How to Multiply and Divide Any Three or more Positive and Negative Fractions

Given any three or more Fractions ( A / B ), ( C / D ), and ( E / F ) where A, B, C, D, E, and F are Integers. Integers are the Set of negative and positive whole numbers including zero ( 0 ). The denominators of the fractions B, D, and F must not be zero ( 0 ), since division by ( 0 ) is not defined.

If the numerators of the fractions, A , C , or E are equal to zero ( 0 ), then the fractions, ( A / B ) = ( 0 ), ( C / D ) = ( 0 ), ( E / F )= ( 0 )since zero divided by any number, except zero, is equal to zero.
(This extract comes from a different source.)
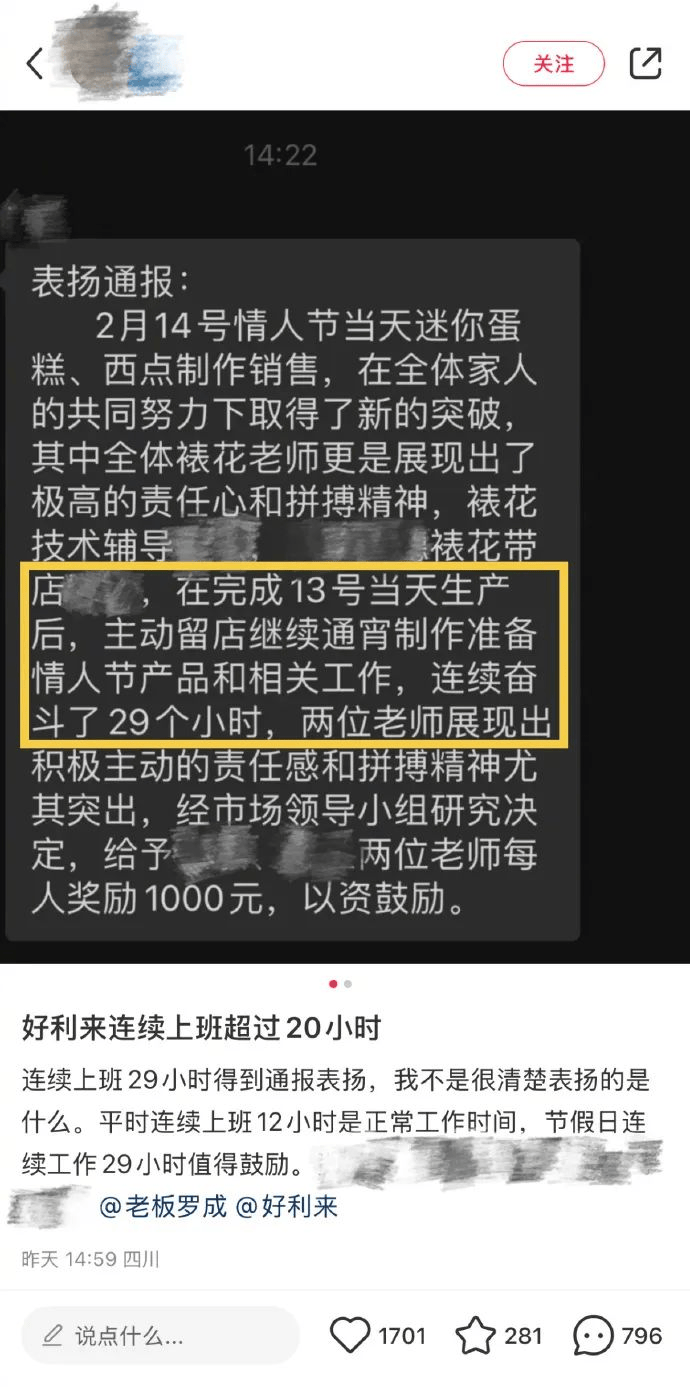 近日,社交媒体上流传的一组截图引发了公众对好利来员工加班文化的关注。截图显示,好利来四川成都某门店发布了一则通报,表彰两名员工因连续工作29小时而展现出的“拼搏精神”。

That is ....
( 0 / B ) = ( 0 ), ( 0 / D ) = ( 0 ), and ( 0 / F ) = ( 0 ).
Also, if A is a Negative Integer and B is a Positive Integer or A is a Positive Integer and B is a Negative Integer, then the Fraction ( A/B )
is a Negative Fraction. If both A and B are Negative Integers then the Fraction ( A/B ) is a Positive Fraction.

If the number one ( 1 ) is divided by any integer, where Z is that integer, and Z is not equal to ( 0 ), then the fraction ( 1 / Z ) is called the RECIPROCAL of Z. Also if ( 1 ) is divided by any fraction, ( A / B ), where ( A / B ) is not equal to ( 0 ),
then the result ( B / A ) is called the RECIPROCAL of ( A / B ).

Any integer multiplied by its' RECIPROCAL, the product is equal to 1. That is.... ( Z ) x ( 1 / Z ) = 1. Similarly,
Any fraction multiplied by its' RECIPROCAL, the product is equal to 1.
That is.... ( A / B ) x ( B / A) = 1.

In summary, to MULTIPLY the fractions ( A / B ) x ( C / D ) x ( E / F ), we do the following ... ( A / B ) x ( C / D ) x ( E / F ) = ( A x C x E ) / ( B x D x F ). If the fraction of the answer can be reduced to lowest terms, please do so and go to the Article written by this same author : How to REDUCE a fraction to lowest terms.

In summary, DIVISION is MULTIPLYING by the RECIPROCAL, so to DIVIDE the fractions ( A / B ) ÷ ( C / D ) ÷ ( E / F ),we do the following ... ( A / B ) ÷ ( C / D ) ÷ ( E / F ) = ( A / B ) x ( D / C ) x ( F / E ) = ( A x D x F )/( B x C x E ). If the fraction of the answer can be reduced to lowest terms, then please go to the Article by the same author: How to REDUCE a fraction to lowest terms.

For example... Given the problem, MULTIPLY ( 15 / 16 ) x ( 8 / 9 ) x ( 4 / 5 ). The result is... ( 15 / 16 ) x ( 8 / 9 ) x ( 4 / 5 ) = ( 15 x 8 x 4 ) / ( 16 x 9 x 5 ) = ( 480 / 720 ). But ( 480 / 720 ) can be reduced to its lowest terms. So we reduce the fraction by expressing the numerator and the denominator in terms of Prime factors, that is... ( 480 / 720 ) = ( 2x2x2x2x2x3x5 )/( 2x2x2x2x3x3x5 ) = ( 2 / 3 ), since ( 2x2x2x2x3x5 )/( 2x2x2x2x3x5 ) = 1

For example...Given the problem, DIVIDE ( 15 / 16 ) ÷ ( 8 / 9 ) ÷ ( 4 / 5 ). The result is... ( 15 / 16 ) ÷ ( 8 / 9 ) ÷ ( 4 / 5 ) = ( 15 / 16 ) x ( 9 / 8 ) x ( 5 / 4 ) = ( 15 x 9 x 5 ) / ( 16 x 8 x 4 ) = ( 675 / 512 ). The fraction ( 675 / 512 ) is in lowest terms, since the numerator and the denominator when expressed in terms of prime factors have no common factors. That is ( 675 / 512 ) = ( 3x3x3x5x5 )/( 2x2x2x2x2x2x2x2x2 ).